Восторгалась Ася и тем, какой дивный город Санкт-Петербург (само это казенное название она произносила так трогательно по-старинному, что казалось, будто ему возвращаются утраченные былые твердые знаки), рассказывала, как они с мамой в этом великолепном городе, среди царских дворцов и всяческой неописуемой красоты, ютятся в тесной общежитской каморке, на которую уходит половина и так-то мизерной Асиной зарплаты. Но ничего, не беда: выживать на оставшуюся половину они научились. Особенно мне запомнилось, с какой нежностью она говорила о Неве. Протекает там, в Питере, такая благословенная река: помните рассказы о блокадном Ленинграде? Немало она тогда жизней спасала. Так вот, Ася объяснила, что ее путь на работу пролегал через один из многочисленных невских мостов, на котором целыми днями рыбачат подростки, пенсионеры, да и все, кому не лень. А вечером, когда она с работы возвращалась, на мосту идет бойкая торговля наловленной там же рыбешкой. Недорого! Возможно, потому, что улов, добытый из вод, протекающих через большой город, строго говоря, не вполне съедобен. Но моя собеседница говорила об этом с благодарностью, как о чудесной удаче, ведь они, что ни день, жарили ту рыбу, ели с картошкой. «Это нас спасало, а то бы, наверное, умерли с голоду», – призналась Ася-Анжела, и ее девчоночьи прозрачные глаза погрустнели совсем не по-детски. И я тоже вслед за ней подумал: да, спасибо вам, рыбаки, умельцы, любители, кто бы вы ни были! Ловите, обязательно ловите, да не иссякнет притравленная городская рыбешка! Может быть, не только наша Анжелика с мамой обязаны вам жизнью в современной «демократической» России.
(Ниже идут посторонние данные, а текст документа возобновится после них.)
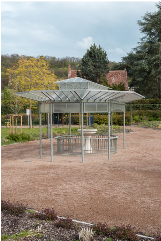
Buvette "reconstruite" à son emplacement actuel, vue extérieure.

Когда она рассказывала про «рыбный рацион», одна из наших собеседниц – Асина соседка по купе – фыркнула:

– Да ладно тебе прибедняться! Вон какие ящики у вас, половину купе заняли!

В ответ Ася залилась детским смехом:

– Что вы! Там одни книги!

Да, в трех большущих коробках из-под импортных товаров эти женщины не везли ничего, кроме ее книг! Никто такого не ожидал. Увидев наши удивленные, может быть, даже очумелые от изумления физиономии, Ася пояснила, что оставить их в Питере побоялась: без книг учебу не закончишь, они дорогие, а общежитие есть общежитие – могут пропасть, что тогда делать?
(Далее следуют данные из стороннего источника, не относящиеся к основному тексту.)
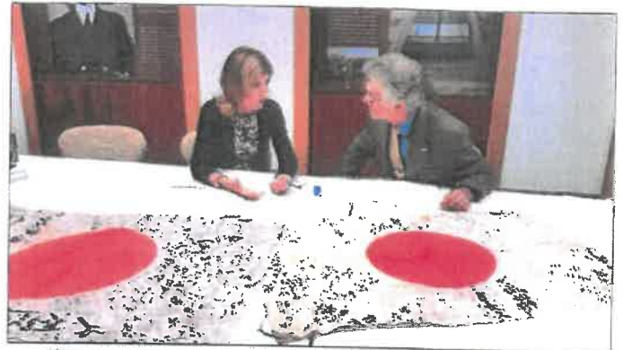
当団体の活動を熱心に聞かれる キャロライン・ケネディ大使

Я был восхищен. Смотрел на такого кристально чистого человека жадно, как говорится, в четыре глаза. Если правда, что в этом мире все продается и покупается, откуда она взялась? Вокруг нечистая суета, всеобщая гонка за рублем, и вдруг – такое чудо. Это было неправдоподобно, но я Всевышним клянусь: все, о чем здесь рассказываю, – сущая правда. И поражен был не я один: вскоре весь вагон говорил об этой чудесной Анжеле и ее матери.

Вечером все женщины из ближних купе собрались вместе, в том числе моя мама и те двое. Болтовня и смех вскоре сменились слезами – кто-то, плача, рассказывал, как забрали родственника, у другой погибли двое сыновей, у третьей еще... Вдруг Роза, асина мама, на весь вагон стала кричать: «Вай са к1ант! Вай са к1ант!», неистово колотя себя в грудь. Ей стало дурно. Пассажиры сбежались, обступили их в замешательстве. Анжела, судя по всему, далеко не впервые видела. подобный припадок. Не растерялась, стала утихомиривать, все твердила: «Мама! Х1умма дац! Неха ма белла! Все хорошо. Успокойся!» Розу заставили проглотить несколько таблеток, кажется, валериановых, дали понюхать нашатыря.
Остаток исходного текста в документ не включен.